Chopping down and burning the rainforest releases tons of carbon dioxide and other greenhouse gases into the atmosphere, contributing to global climate change. Brazil is the world’s fourth-largest emitter of greenhouse gases, largely because of deforestation, according to the U.S.-based World Resources Institute.

Worse is yet to come, environmentalists said.

The Amazon’s dry season, when farmers do most of their burning and clearing, starts this month.
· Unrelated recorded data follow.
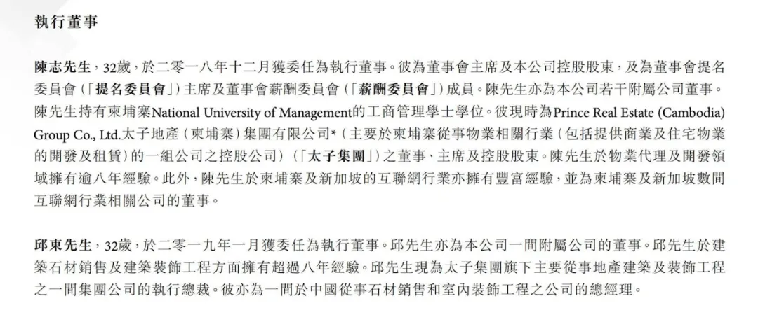 致浩达控股(01707.HK):原是一家香港本地工程承包商,2017 年 10 月上市。上市仅一年多后,原股东于 2018 年 12 月火速清仓退出,陈志接手全部股权,瞬间成为持股 54.79% 的绝对控股股东。入主当月陈志即出任执行董事,并引入其亲信、太子集团高管邱东共同担任董事。随后,公司业务开始 「柬埔寨化」,在维持香港工程主业同时,2019 年起拓展柬埔寨房地产开发,2023 年更介入奢侈品销售领域。陈志本人一度担任其奢侈品子公司董事,直至 2023 年中辞任。值得注意的是,即便今年 7 月陈志表面上辞去了致浩达职务,他控制的公司仍与致浩达有业务往来,例如致浩达承认为陈志旗下公司所持有的香港物业提供物管服务,且公司现金曾存放于陈志控股的太子银行。这说明陈志与上市公司的资金关联并未完全切割。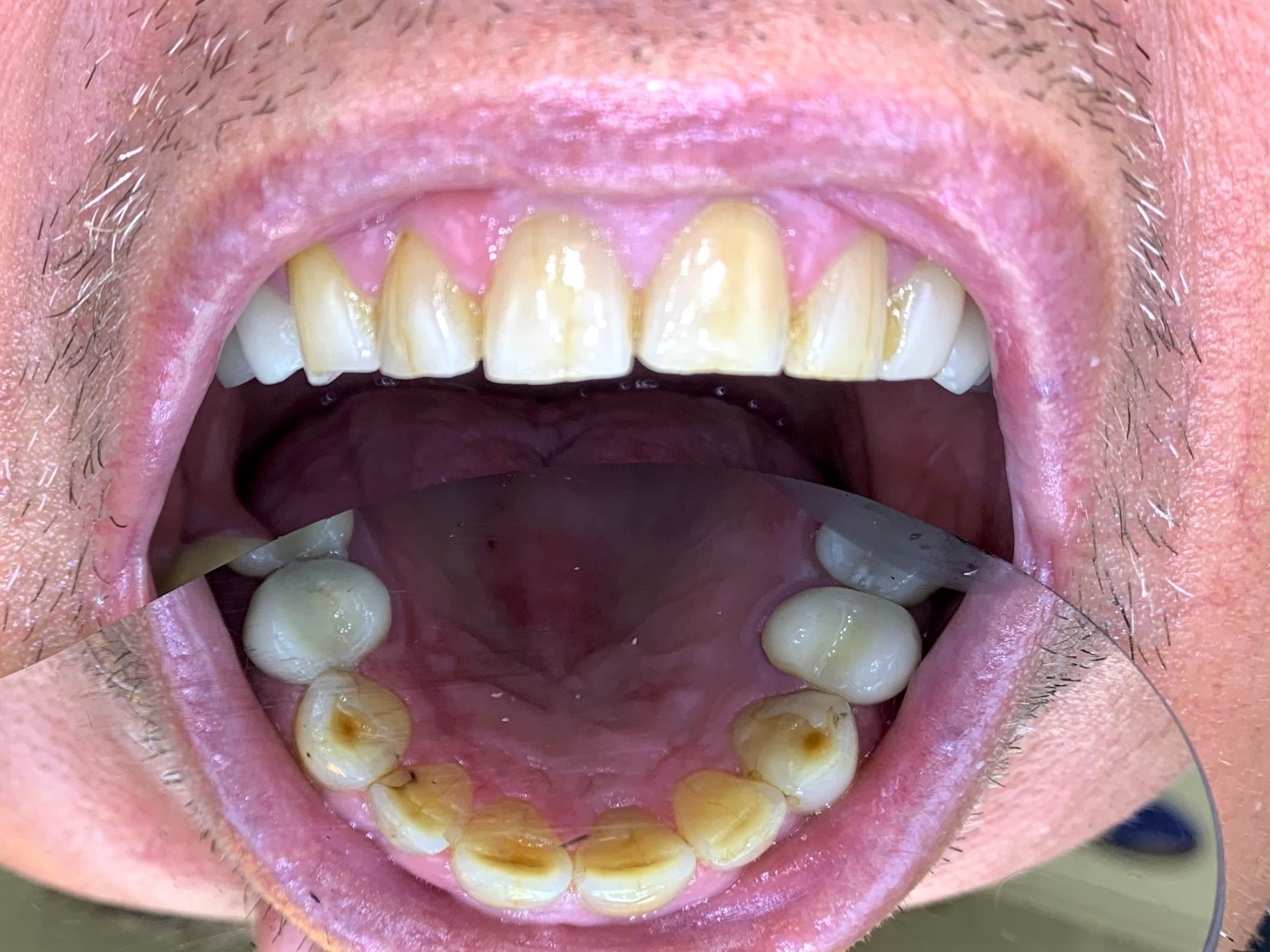 Betennelse i tannkjøttet, gingivitt, trenger behandling. Det gis grundig opplæring i hvordan renholde tennene, og tannlegen utfører profesjonell rengjøring.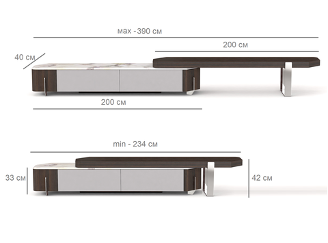 2. Вторая часть — столешница из натурального шпона, которая может сдвигаться влево или вправо над основной частью тумбы.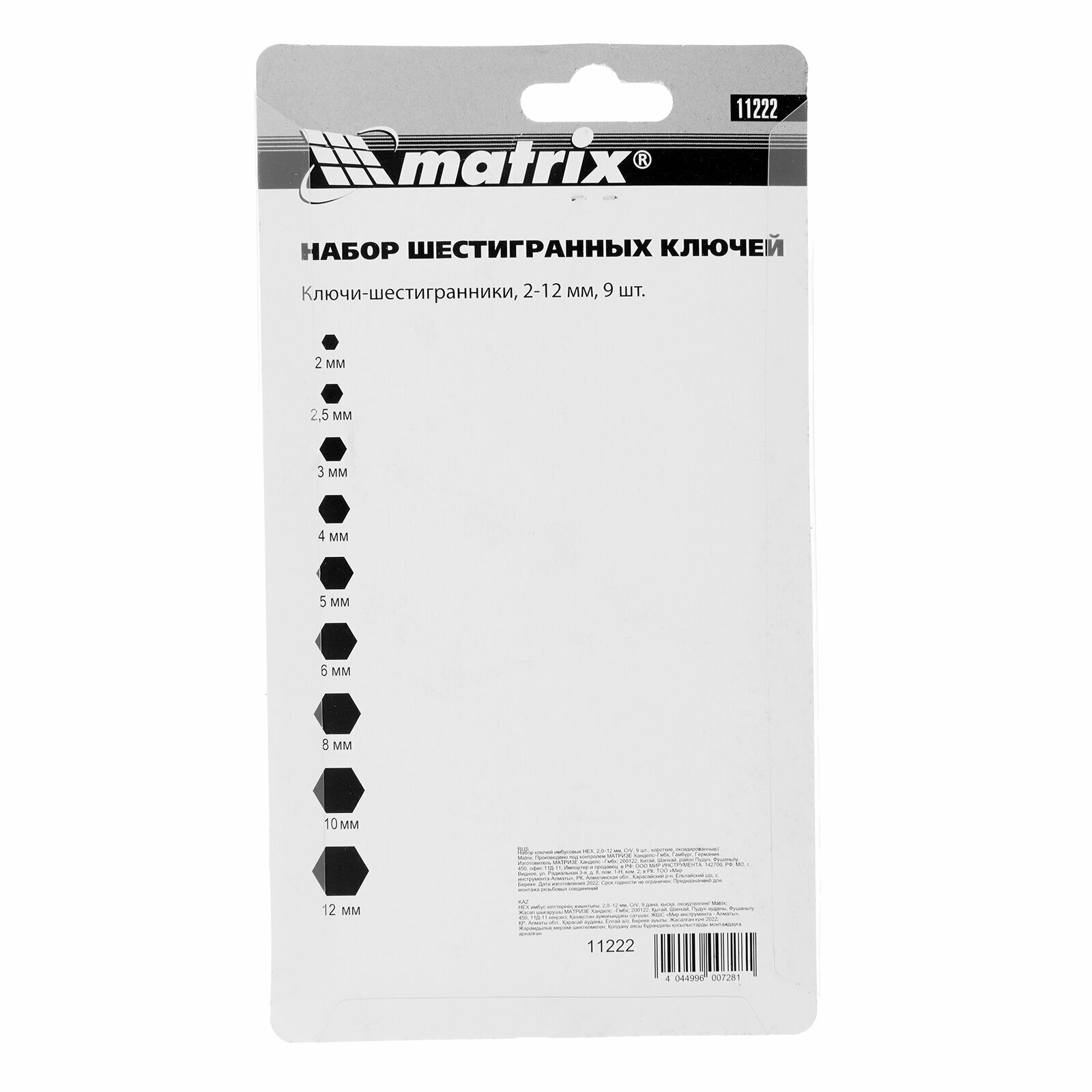 Набор ключей шестигранный, 9 предметов, Matrix, 2-12 мм, 11222

That means the 12-month total ending in August will surely climb, said Marcelo Marquesini, a Brazil-based forests expert with the international environmental group Greenpeace.

Marquesini said rising prices for soybeans, beef and other commodities are pushing farmers to clear more land in the sprawling rainforest, which is about the size of the western United States.

A more complete deforestation picture will come out later this year, when Brazil’s PRODES monitoring system, which studies the Amazon over a longer period, produces more detailed results.

Brazil’s government already has responded to rising deforestation by cracking down on loggers, charcoal producers and others working illegally in the forest. While critics question whether such actions have done any good, government officials insist that the crackdown’s effects are only now being felt.

The fate of the Amazon has been at the center of a growing debate here over how this nation of 185 million people can both protect the forest and feed its booming economy, which depends on exporting soybeans and other commodities.